### YOUR INSTRUCTIONS
For the listing below, return the line containing "Artiss 2 Point", the line containing "- [行列を入れ替える]をオ", and all lines in between, exactly as written and nothing else.

### DATA TO USE

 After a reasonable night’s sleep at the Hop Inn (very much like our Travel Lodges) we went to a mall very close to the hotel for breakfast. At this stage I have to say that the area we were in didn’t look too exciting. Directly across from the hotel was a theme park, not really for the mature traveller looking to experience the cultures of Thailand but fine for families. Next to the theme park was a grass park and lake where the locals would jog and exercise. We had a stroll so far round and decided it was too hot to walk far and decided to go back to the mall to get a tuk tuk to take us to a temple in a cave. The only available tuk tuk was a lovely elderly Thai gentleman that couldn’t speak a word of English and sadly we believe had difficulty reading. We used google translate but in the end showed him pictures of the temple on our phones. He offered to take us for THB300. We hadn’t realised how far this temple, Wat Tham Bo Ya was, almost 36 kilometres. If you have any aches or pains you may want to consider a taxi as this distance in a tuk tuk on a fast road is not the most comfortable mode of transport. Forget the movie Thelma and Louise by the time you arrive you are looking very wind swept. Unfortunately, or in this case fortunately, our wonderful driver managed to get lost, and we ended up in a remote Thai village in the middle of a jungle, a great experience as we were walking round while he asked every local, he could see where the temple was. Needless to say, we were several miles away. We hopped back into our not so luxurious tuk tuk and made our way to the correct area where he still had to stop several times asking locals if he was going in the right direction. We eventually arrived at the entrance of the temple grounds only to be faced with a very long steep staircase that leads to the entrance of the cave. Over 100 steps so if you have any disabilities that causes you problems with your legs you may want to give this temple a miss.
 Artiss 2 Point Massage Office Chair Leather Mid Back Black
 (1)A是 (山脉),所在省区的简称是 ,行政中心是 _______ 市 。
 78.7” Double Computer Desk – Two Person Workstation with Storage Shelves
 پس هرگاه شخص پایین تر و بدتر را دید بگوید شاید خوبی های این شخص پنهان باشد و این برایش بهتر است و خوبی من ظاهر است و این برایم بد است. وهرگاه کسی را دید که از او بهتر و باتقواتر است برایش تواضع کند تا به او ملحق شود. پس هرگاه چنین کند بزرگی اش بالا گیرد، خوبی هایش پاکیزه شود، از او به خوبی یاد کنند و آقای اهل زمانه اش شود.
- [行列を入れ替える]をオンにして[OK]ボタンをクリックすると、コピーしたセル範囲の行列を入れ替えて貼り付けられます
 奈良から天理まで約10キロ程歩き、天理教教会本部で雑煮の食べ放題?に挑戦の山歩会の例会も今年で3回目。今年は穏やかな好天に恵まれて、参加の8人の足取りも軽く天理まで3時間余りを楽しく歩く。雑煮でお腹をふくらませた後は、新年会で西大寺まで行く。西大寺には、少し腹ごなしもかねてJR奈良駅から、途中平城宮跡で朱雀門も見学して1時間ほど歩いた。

### THE COMPLETED TASK
 Artiss 2 Point Massage Office Chair Leather Mid Back Black
 (1)A是 (山脉),所在省区的简称是 ,行政中心是 _______ 市 。
 78.7” Double Computer Desk – Two Person Workstation with Storage Shelves
 پس هرگاه شخص پایین تر و بدتر را دید بگوید شاید خوبی های این شخص پنهان باشد و این برایش بهتر است و خوبی من ظاهر است و این برایم بد است. وهرگاه کسی را دید که از او بهتر و باتقواتر است برایش تواضع کند تا به او ملحق شود. پس هرگاه چنین کند بزرگی اش بالا گیرد، خوبی هایش پاکیزه شود، از او به خوبی یاد کنند و آقای اهل زمانه اش شود.
- [行列を入れ替える]をオンにして[OK]ボタンをクリックすると、コピーしたセル範囲の行列を入れ替えて貼り付けられます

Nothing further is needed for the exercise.